» TASK INSTRUCTIONS
Below are some records. Write out the line that contains "Выдержка времени реле" and all lines after it, exactly, but not the pictures.

(Beginning of EXCERPTED DATA)

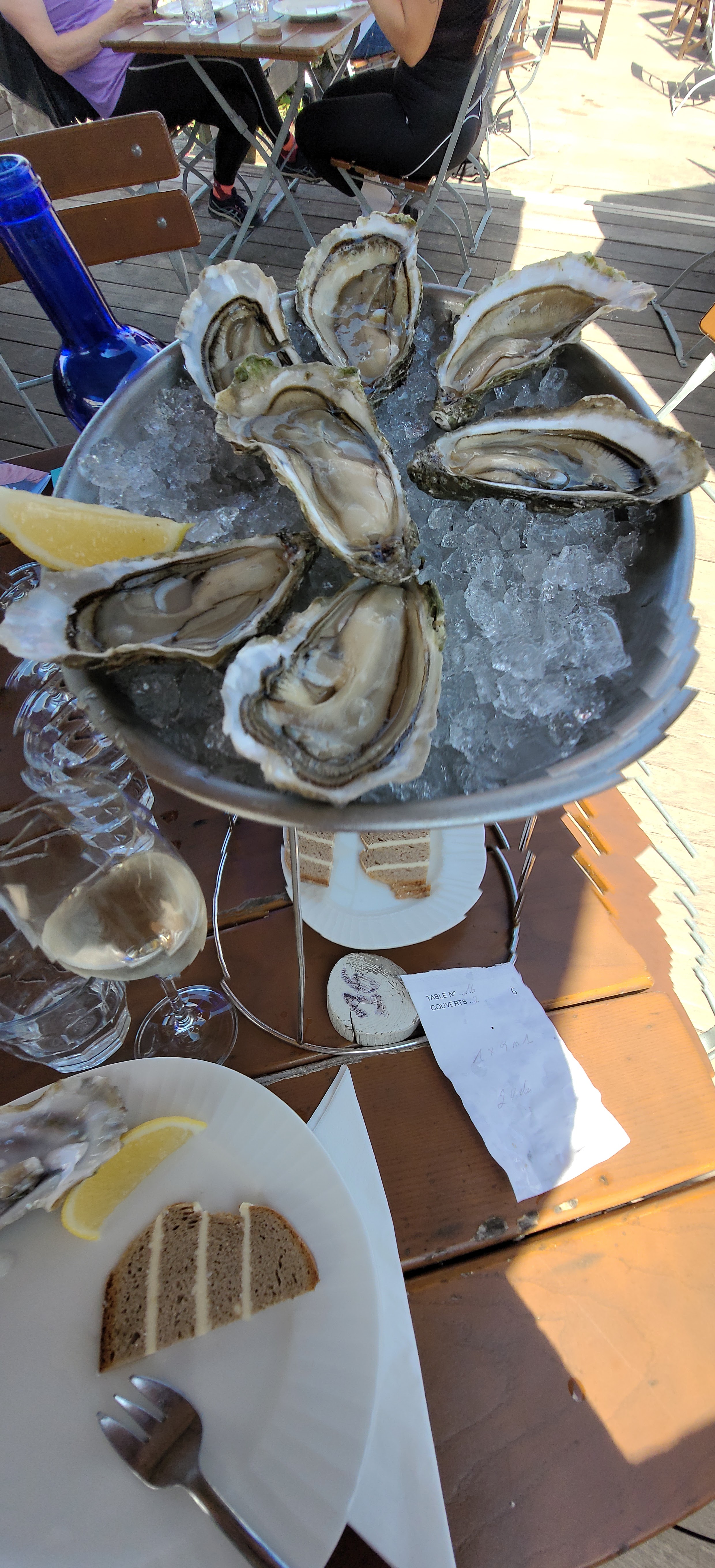 De l'authentique et juste ça ! Des huîtres merveilleuses et un pain garni de beurre entre les couches. ..et le vin bio fabuleux
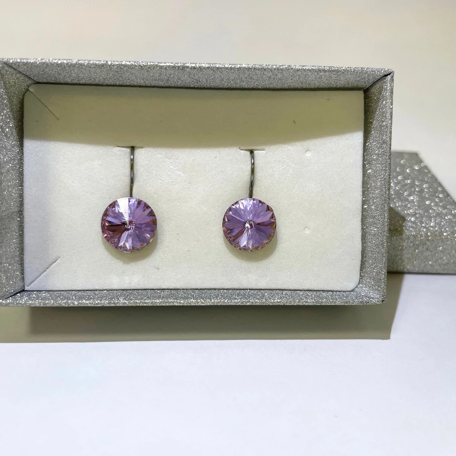 Francia kapcsos Rivoli fülbevaló világos lila (viola) színű Swanis kristállyal.
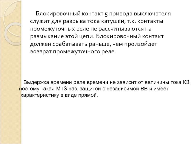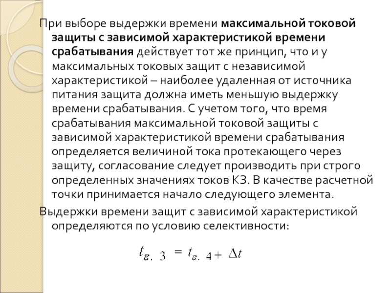 Выдержка времени реле времени не зависит от величины тока КЗ,
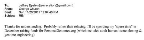 Comment: Epstein had some serious mad scientist friends. George Church kicked off a firestorm with his Neanderthal surrogate aspirations (see more below).
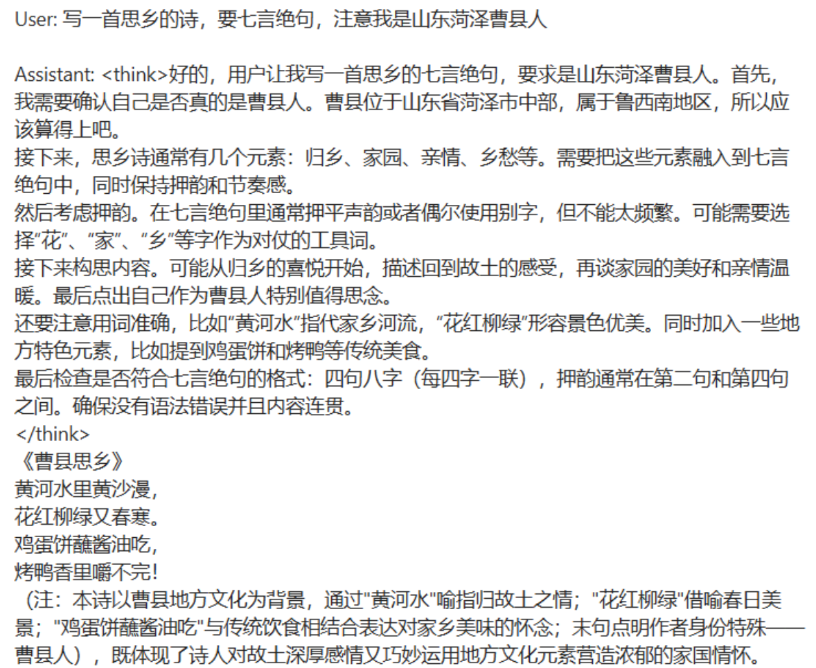 以下示例基于 RWKV7-G1-1.5B-16%trained模型,注意这个模型目前只训练了 16%。后续 100% 训练完成的 RWKV7-G1 1.5B 会显著更强:
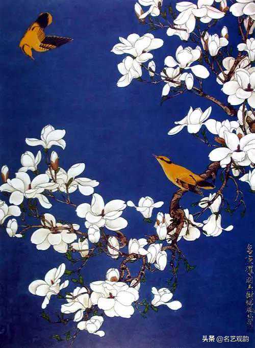 ▲玉兰黄鹂,于非闇,1956,纸本设色,102.5×76cm,中国美术馆藏。

(End of EXCERPTED DATA)

» TASK ANSWER
 Выдержка времени реле времени не зависит от величины тока КЗ,
 Comment: Epstein had some serious mad scientist friends. George Church kicked off a firestorm with his Neanderthal surrogate aspirations (see more below).
 以下示例基于 RWKV7-G1-1.5B-16%trained模型,注意这个模型目前只训练了 16%。后续 100% 训练完成的 RWKV7-G1 1.5B 会显著更强:
 ▲玉兰黄鹂,于非闇,1956,纸本设色,102.5×76cm,中国美术馆藏。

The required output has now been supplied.